◆ **Dataset excerpts**:
----
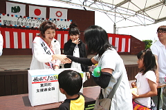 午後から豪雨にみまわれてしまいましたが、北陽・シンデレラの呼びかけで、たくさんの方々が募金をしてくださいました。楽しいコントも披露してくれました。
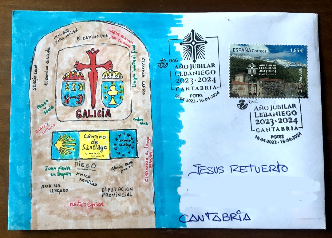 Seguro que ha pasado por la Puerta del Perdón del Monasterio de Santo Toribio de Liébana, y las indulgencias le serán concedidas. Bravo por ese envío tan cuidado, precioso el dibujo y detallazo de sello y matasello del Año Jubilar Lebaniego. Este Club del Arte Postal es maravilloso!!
----
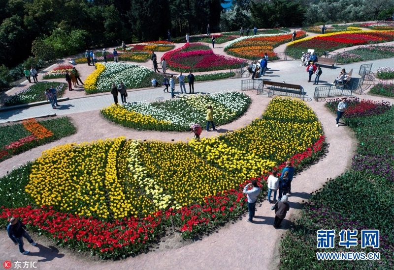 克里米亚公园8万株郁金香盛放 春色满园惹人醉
----
◆ **Instructions to follow**: Your answer is the exact run of lines above from the one with "午後から豪雨にみまわれてしま" through the one with "Seguro que ha", both ends included, minus any picture.

◆ **Answer box**:
 午後から豪雨にみまわれてしまいましたが、北陽・シンデレラの呼びかけで、たくさんの方々が募金をしてくださいました。楽しいコントも披露してくれました。
 Seguro que ha pasado por la Puerta del Perdón del Monasterio de Santo Toribio de Liébana, y las indulgencias le serán concedidas. Bravo por ese envío tan cuidado, precioso el dibujo y detallazo de sello y matasello del Año Jubilar Lebaniego. Este Club del Arte Postal es maravilloso!!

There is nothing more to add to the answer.